Re: dns outbound

[Joseph S D Yao <jsdy () cospo osis gov>]

> I have gotten a request to allow all clients behind a firewall to have
> unrestricted access to dns servers outside the firewall.  
>
> Can I get help in coming up with pros and cons off doing that.  I tried to
> search the archives but the search page is not working properly.
>
> I am not comfortable in allowing udp packets outbound from all systems.
> If it helps we are using firewall-1.

First, ascertain what the requesters really WANT, as opposed to what
they think they're asking for.  Is there some strange, obscure reason
that they feel they need direct access to the external DNS servers?
[And, if so, would it suffice to set up a walled-off separate machine
in the FW-1 "DMZ" from which such access were available?]  Or do they
need to be able to resolve data from all external DNS servers?
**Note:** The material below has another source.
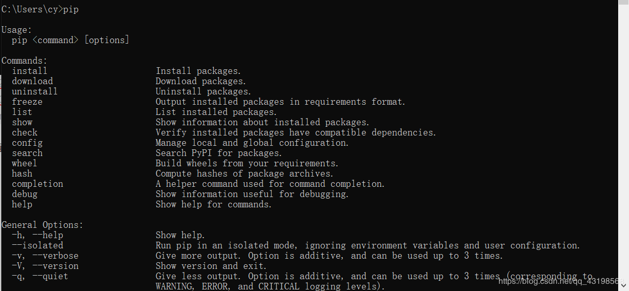 输入 pip ,点击Enter,出现以下界面则表示,你的 pip 已经配置好环境,可用

The latter case is provided by almost every firewall.  I'm not familiar
with what FW-1 does for this.  FWTK and Gauntlet use BIND's 'named' to
provide separate DNS to the inside and outside, especially now that 8.2
allows that for even more cases.  Raptor does the same thing with some
more-limited DNS server of their own.  ANS Interlock does not serve DNS
on the firewall, but has a DNS proxy that allows much the same services,
relying on name servers inside and outside the firewall.

--
Joe Yao                         jsdy () cospo osis gov - Joseph S. D. Yao
COSPO/OSIS Computer Support                                     EMT-B
-----------------------------------------------------------------------
This message is not an official statement of COSPO policies.